A total of 20 diverse stakeholders were surveyed. This was found to be a sufficiently large number to sample based on an analysis similar to a species accumulation curve that demonstrates the diminishing returns from increasing sampling effort [54]. The number of new diseases reported levelled off at around 15 organisations sampled (Fig 3) and so the 20 organisations used for this analysis was sufficient to capture the diseases of public health priority. Of the 176 diseases recommended for mapping [1], 24% were prioritised by at least one public health agency, and 55% were notifiable to at least one of the national disease control agencies.

Of those diseases that represent the greatest cartographic challenge, all were prioritised by at least one public health agency and two thirds were notifiable diseases. Of the 176 diseases, thirty diseases (17%) had an h-index [48] above 100 (with HIV having the highest h-index of 461), while 64% of the diseases had an h-index of 50 or less. Of the occurrence mapping and prevalence mapping diseases, 30% had an h-index above 100 and only 37% had an h-index of 50 or less.

Unlike the DALY burden, which was allocated at the disease level (S1 Text), the stated priority diseases were often grouped to the cluster level by the surveyed stakeholders. For instance, rather than specifying “Plasmodium vivax” or “visceral leishmaniasis” as a focus, “malaria” and “leishmaniasis” would be more commonly stated targets. Each component disease of these clusters would therefore be allocated a point, meaning that the number of component diseases in each cluster strongly inflated the overall interest score allocated at the cluster aggregate. Interest scores were calibrated in the final prioritisation assessment to the number of diseases classified as occurrence or prevalence mapping within each cluster (i.e. those requiring the more advanced geostatistical techniques, see Methods for more details), so as to avoid being unduly skewed by the size of the cluster.

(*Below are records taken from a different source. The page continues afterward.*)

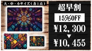 【15%OFF】超早割:セット販売(大サイズ1点、中サイズ1点、小サイズ1点)。
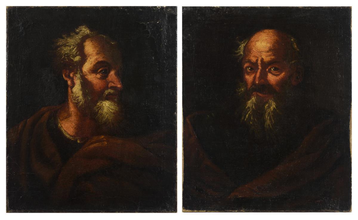 Two character representations of old men with white beards and in brown robes against a dark background. Each canvas doubled, traces of age.
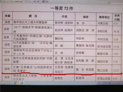 河南新聞獎是河南省新聞界最高獎。日前,經過初評、復評、定評、公示等一系列環(huán)節(jié)后,《周口日報》二版頭題刊發(fā)的《太康“五養(yǎng)模式”讓特困養(yǎng)老實現(xiàn)“菜單式”》(作者:王彥濤 岳建輝 馬治衛(wèi) 編輯:魏東 李鳳霞)喜獲河南新聞獎一等獎,成為周口市唯一獲得一等獎的新聞作品。同時,《太康“五養(yǎng)模式”讓特困養(yǎng)老實現(xiàn)“菜單式”》還榮獲了中國地市報新聞獎二等獎,可謂“雙喜臨門”。
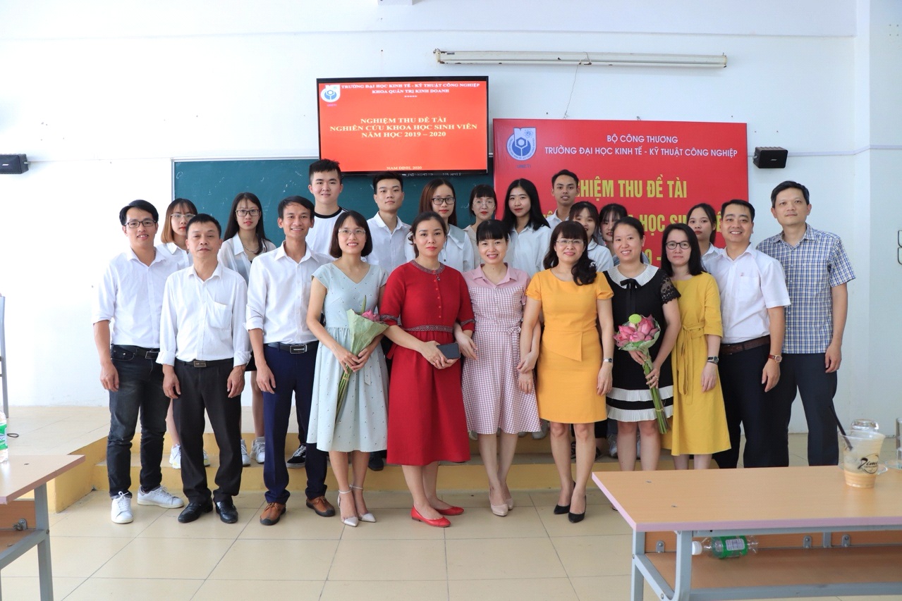 Để đẩy mạnh nghiên cứu khoa học trong sinh viên, cũng như ghi nhận sự cố gắng và nỗ lực trong nghiên cứu khoa học của sinh viên. Thực hiện theo Quyết định số 168/QĐ-ĐHKTKTCN ngày 21 tháng 5 năm 2020; Vào sáng 04/06/2020, tại Phòng họp ảo 218 Lĩnh Nam, Hà Nội và sáng ngày 05/6/2020 tại Phòng họp ảo 353 Trần Hưng Đạo, Nam Định, Khoa Quản trị kinh doanh đã tổ chức nghiệm thu các đề tài nghiên cứu khoa học sinh viên năm học 2019-2020.

Overall, malaria, HIV and tuberculosis were the leading clusters of interest, with scores of 11.8, 11 and 11, respectively. A further seven clusters received repeated interest, including food-borne/water-borne bacteria (score = 8) and water-borne trematodes (7.7), trypanosomiasis (7.5), filariasis (6.2), picornaviridae (6), avian contact viruses (6), soil-transmitted helminths (5.3) and leishmaniasis (5.2) all scoring highly, indicating their importance to the public health community. These scores are relative and intended to reveal general trends across the clusters rather than quantitatively reflect the weighting that any one institution places on a particular disease.

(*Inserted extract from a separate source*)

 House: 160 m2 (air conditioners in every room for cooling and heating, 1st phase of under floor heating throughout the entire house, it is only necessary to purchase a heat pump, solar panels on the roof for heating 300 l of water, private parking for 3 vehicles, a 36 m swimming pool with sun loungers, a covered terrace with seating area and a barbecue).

A review of all clinically significant IDs identified 176 with a strong rationale for mapping, of which only 4% have been adequately mapped [1]. The current study was undertaken to define a ruleset for determining which diseases, from a cartographic and public health perspective, should be prioritised when sequentially addressing this shortfall. Diseases were clustered together based upon shared characteristics (such as basic taxonomic division and mode of transmission) in order to consider together those diseases that would synergise operationally in terms of data collection, covariate selection and methodology used. Given the large number of diseases identified, prioritisation is necessary; we addressed this by evaluating both within the context of disease burden as well as considering the diseases’ influence within public health organisations and the wider academic community. It is important to stress that the study was focussed on priorities for mapping, and was not a general prioritisation of IDs; this is particularly important to emphasise given that a number of high-burden diseases, including meningitis, pneumonia and some diarrhoeal diseases, were not included in the list of 176 diseases [1,44,45].

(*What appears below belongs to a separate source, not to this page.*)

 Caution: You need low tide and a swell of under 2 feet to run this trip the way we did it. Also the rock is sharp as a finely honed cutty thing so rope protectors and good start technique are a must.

Malaria is the infectious disease for which the most detailed and robust global risk maps exist [13,29]. The work of the Malaria Atlas Project [33,55] along with a proliferation of national and local-scale studies [56] has established a mature and sophisticated methodological approach centred on the use of model-based geostatistics to generate continuous surfaces of risk. This has been possible, in part, due to the long history of population-based malaria infection prevalence surveys where researchers and control programmes have used microscopy or rapid diagnostic tests to establish the proportion of randomly sampled individuals testing positive for malaria parasitaemia [30,57]. Crucial for geospatial mapping, such data are increasingly georeferenced with a latitude and longitude for each observation established via gazetteer methods (recorded location names linked to digital atlases) or directly using Global Positioning System (GPS) technology at the time of survey [58,59].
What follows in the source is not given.